Something curious happened last month (Feb 2026): a fantasy story sneaked up on me, A SUPERNATURAL NOIR.
I'd finished writing (and was already editing) The Rest is Silence: A Jazz Age Noir (it's a Hamlet retelling set in 1929 with, spoiler alert, no traditional ghost), when I spotted that week's vssmystery prompt: heavy. The vss365 daily prompt was also interesting: lambent.
So I wrote a little snippet - very much in the spirit of Hammett and Chandler:
I got home late. Rain was pounding the windows. It sounded like a heavy man in a hurry to get in. Mrs. Malone[1] had neatly stacked two weeks of mail on the sideboard by the whiskey: a selection of bills and assorted trash. The bottle's lambent smile wormed its way up my brain, making warm promises to wet bones. The mail never stood a chance.
[1] She didn't have a name in the original post.
Nothing to indicate any supernatural inclinations there, right? That snippet could be about anything, anyone, anywhere.
Then, I wrote another tiny snippet:
Halfway through the second whiskey, the telephone started to wail. It pierced the rain like an augur foretelling new wounds.
I glanced at the black bakelite monster and waited, hoping it would grow tired. It didn't.
The glass went with me to the gossip bench in the hallway. The handset hadn't slimmed in my absence. I picked it up but said nothing.
And a third one:
"Mrs. Gabe?" It wasn't really a question.
I recognized the thin male voice on the other side. My blood curdled for half a second. Not because of him.
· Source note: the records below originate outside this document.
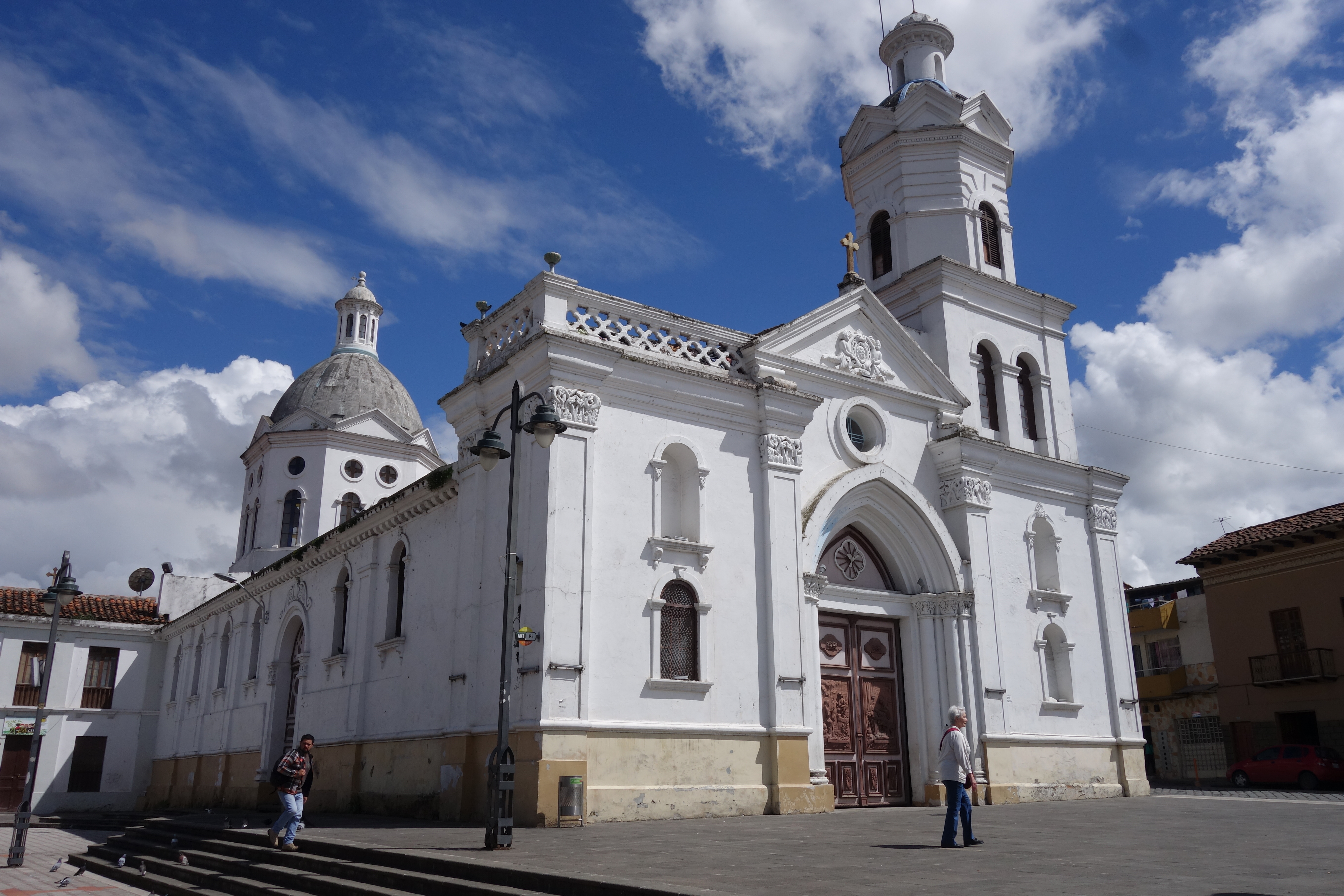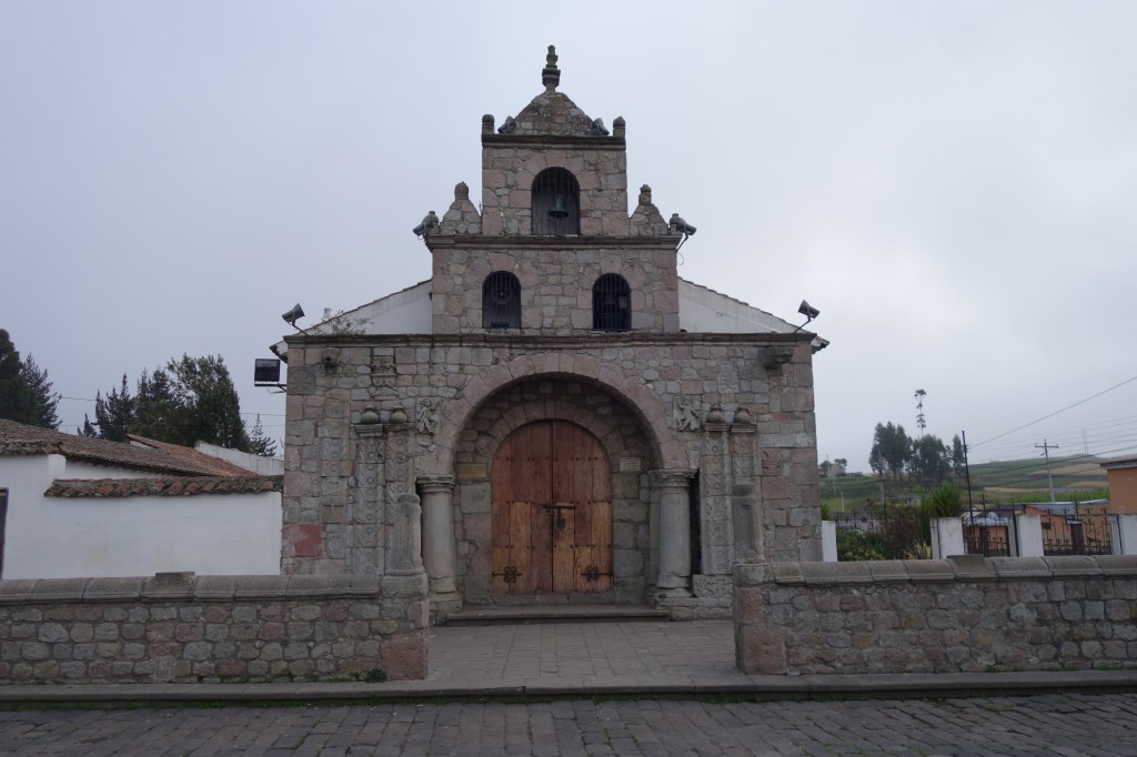 Due to a bulge in the Earth’s crust at the Equator, this peak is even further from the centre of the Earth than Everest. So why doesn’t all the air here, slip off to Nepal? Eh? Bit freaky that. As we drive, Milton gets a phone call, it seems that there may have been a landslide on the road we need to take after Alausi. Maybe. Maybe 10 cars got swept away. Maybe some people died. Nobody can be sure because it’s Ecuador and time for a little ITT. We won’t know until we find out for ourselves. The road we are on is quite beautiful, running through incredibly green valleys, where old grass thatched shacks with breakfast smoke seeping through, are still dotted between their newer and less charismatic neighbours. Fields 10 metres wide and 100 metres long, climb the lush mountain sides, some at 5degrees off the vertical. I imagine the farmer climbing to the top and jumping off, using his hoe as a sort of ice-pick to plough a furrow as he abseils down. There are reed lined lakes, but not much in the way of wildfowl. We stop for a quick look at the first Catholic Church in Ecuador which stands close to one such lake.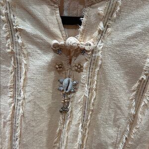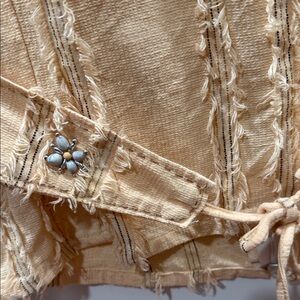 Stylish tan blouse with unique embellishments. Features frayed edges and a tie waist. Ideal for any occasion.
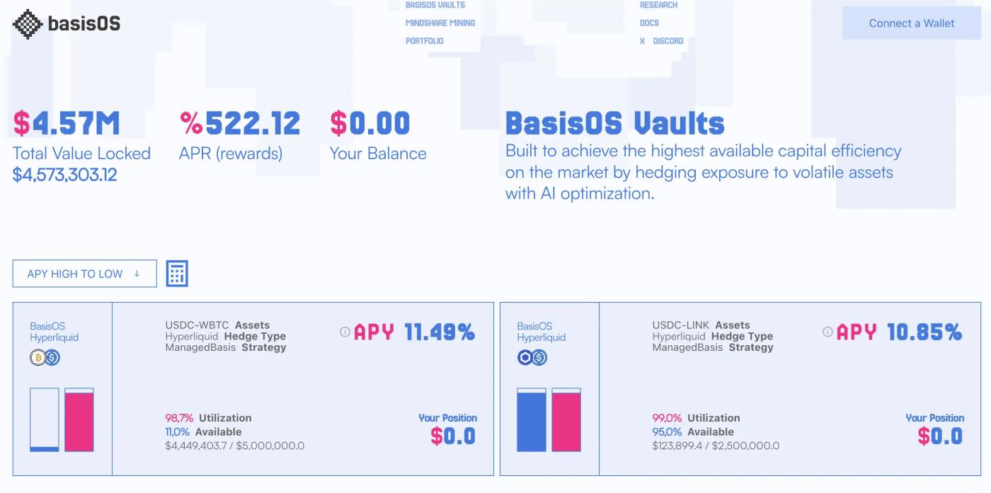 BasisOS 是一个去中心化协议,构建 AI 管理的跨链基础交易保险库,专注于 Hyperliquid 上的异国资产。它通过基础交易策略优化收益,结合 AI 进行自主市场监控和决策。数据显示,其总锁定价值(TVL)为 457 万美元,年化收益率(APY)为 11.44% ,年化百分比率(APR)为 523.76% ,吸引寻求高回报的 DeFi 投资者。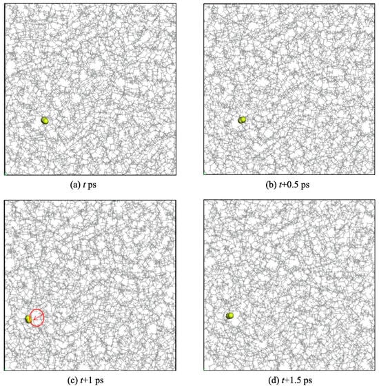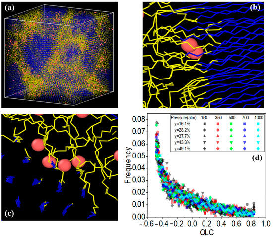 - Formation of bubbles during rapid pressure drops: Figure 19 presents the relationship between the changes in free volume (ΔFFV) for different components in a PE system containing 1000 H2 molecules. The solid line indicates ΔFFVmatrix, whereas the dashed line represents ΔFFVall. ΔFFVmatrix and ΔFFVall increase with the concentration of H2 (Figure 19a), suggesting the formation of voids during depressurization. The free volume distribution across simulations at 200, 300, and 400 K is shown in Figure 19b–d, respectively. As the temperature increases, ΔFFVall increases, with the distribution of free volume indicating that H2 molecules may aggregate, particularly at higher temperatures. This reinforces the trend that the H2 content within the PE matrix significantly impacts the free volume behavior and highlights the dynamic nature of H2 diffusion and aggregation under varying thermal conditions. To gain deeper insights into the behavior of the PE/H2 system during rapid depressurization, a 10 ns simulation was performed on a system comprising four branchless PE chains with a DP of 2000, containing 1000 H2 molecules, at a temperature of 400 K. Gas bubbles were initially detected at approximately 35 MPa but exhibited instability, appearing and disappearing at lower pressures (24, 16, and 8 MPa). At approximately 5 MPa, the bubbles began to expand, with the final sizes reaching 1–2 nm (Figure 20). These findings suggest that high-pressure conditions can lead to the formation of H2 nanobubbles in an oversaturated PE matrix, particularly if depressurization occurs too quickly for adequate diffusion to occur. Methods such as SAXS and XRD are recommended to analyze this phenomenon further.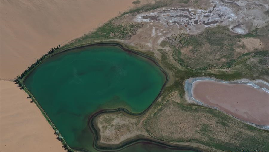 內(nèi)蒙古自治區(qū)巴丹吉林沙漠腹地分布著形狀各異的湖泊。湖泊點綴黃沙之中,成為別致的風景。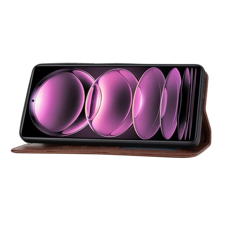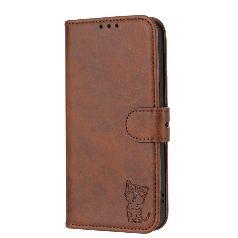 Για Xiaomi Redmi Σημείωση 12 Pro 5G Παγκόσμια ανάγλυφο Happy Cat μοτίβο Flip δέρμα τηλέφωνο υπόθεση (καφέ)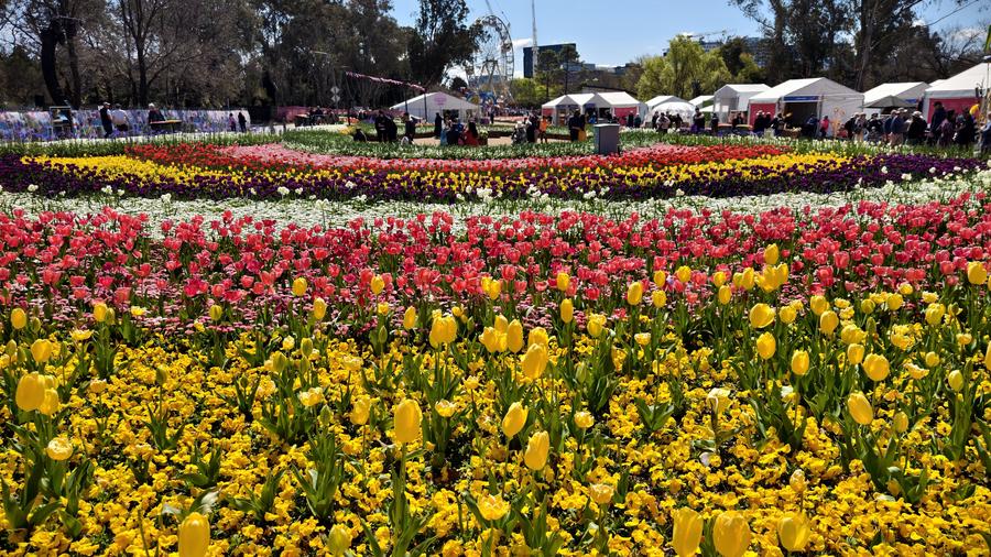 This photo taken on Sept. 20, 2024 shows a view of the Floriade festival in Canberra, Australia. (Photo by Xiao Chongming/Xinhua)
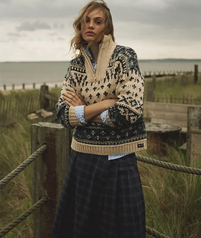 Vintage ET trendy. Warm en stijlvol, onze zip-up trui Ski Lodge is perfect met een spijkerbroek of legging om al je looks dit seizoen compleet te maken.Oversized pasvorm, overdreven en super casual zodat je stijl tot uiting kan komenHoge kraagZip-kraag tot een kwartGeribbelde manchetten en zoomLaat vallen schoudersHandtekeninglabel op de zoom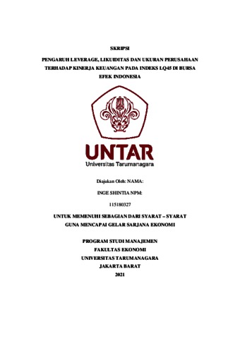 SHINTIA, INGE (2021) PENGARUH LEVERAGE, LIKUIDITAS DAN UKURAN PERUSAHAAN TERHADAP KINERJA KEUANGAN PADA INDEKS LQ45 DI BURSA EFEK INDONESIA. Skripsi thesis, Universitas Tarumanagara.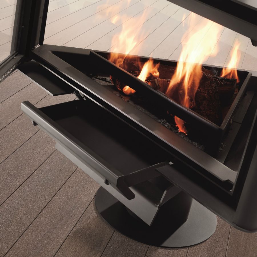 Sa silhouette épurée, soulignée par un piètement fin ou une base plus massive selon les configurations, s’intègre aussi bien dans des intérieurs contemporains que plus rustiques. Grâce à une large vitre frontale et un foyer spacieux, il offre une vue généreuse sur les flammes et une excellente diffusion de chaleur.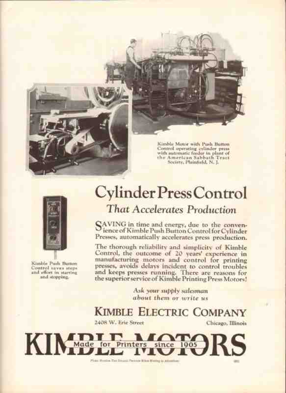 Original old printer magazine vintage ad for KIMBLE ELECTRIC COMPANY in Chicago, IL. Cylinder Press Control that accelerates production. Shown in plant of the American Sabbath Tract Society in Plainfield, NJ. Saving time and energy, avoids delays and keeps presses running. Was located at 2408 W. Erie Street. This 1926 unique one page printing industry trade advertisement would display beautifully matted and framed.

He was just an echo.
"No," I said. The answer had nothing to do with my name, either.
"We sent you a letter, Mrs. Gabe."
The neat stack of mail was out of sight, untouched on the sideboard, next to the decanter. I glanced at the whiskey left in my glass, wondered if taking a gulp would be heard through the line, and let it go.
"I don't care," my words finally came out, voice as flat as I could manage.
"Read the letter, Mrs. Gabe," the voice pressured. "Just... Read the letter first."
Okay, so now we know the first-person narrator is a "Mrs. Gabe" (allegedly). Still, nothing screams supernatural there. It's just Noir being Noir, with a female protagonist.
Full disclosure: I knew the protagonist was female since the beginning; there's nothing supernatural about that, either.
But this next snippet definitely sealed the deal for me:
Why? I wanted to ask, but didn't feel like begging for an answer that would never arrive. So I let the silence fester, listening to the pale newt on the other side breathe as he grew something akin to impatience, not a backbone tough enough to question or hurry me.
The rain was still pounding the windowpanes, demanding to get in. The whiskey left in my glass kept on sneering at me next to the telephone. I thought of you - the only one who mattered, the one I'd die and kill for - and closed my eyes for a moment.
"We're sending you a Mike," the voice finally said, breaking the silence like a rock through the window.
A hunter. They were sending a hunter. Again, no point in asking why.
"When?"
"In the morning. Eight o'clock?"
"Fine," I said, sounding like a warm body with no pulse. "Anything else?"
"Goodnight, Mrs. Gabe."
I stared at the black bakelite monster for a while after replacing the receiver. Then, I took the whiskey back with me to the living room sideboard, ransacked the neat stack of mail, found the letter "they" had sent me, and went to bed. The whiskey never left my side.
That's it; the story of how a fantasy WIP sneaked up on me in four snippets.
And, dear fellow writer/reader, if you've spotted why that last snippet propelled the whole story into the supernatural side of storytelling for me, you are, without a shadow of a doubt, my kind of person!My plan now is to finish writing the first draft of "Grime and Shadows, Mrs. Gabe: A Supernatural Noir" in the next few months. Mostly because I can't stop thinking about this story. I'll also be writing micro poetry about this WIP on a daily basis - because, again, I am obsessed with these characters, their story, and how it sneaked up on me.
Thank you so much for taking the time to read this very long post.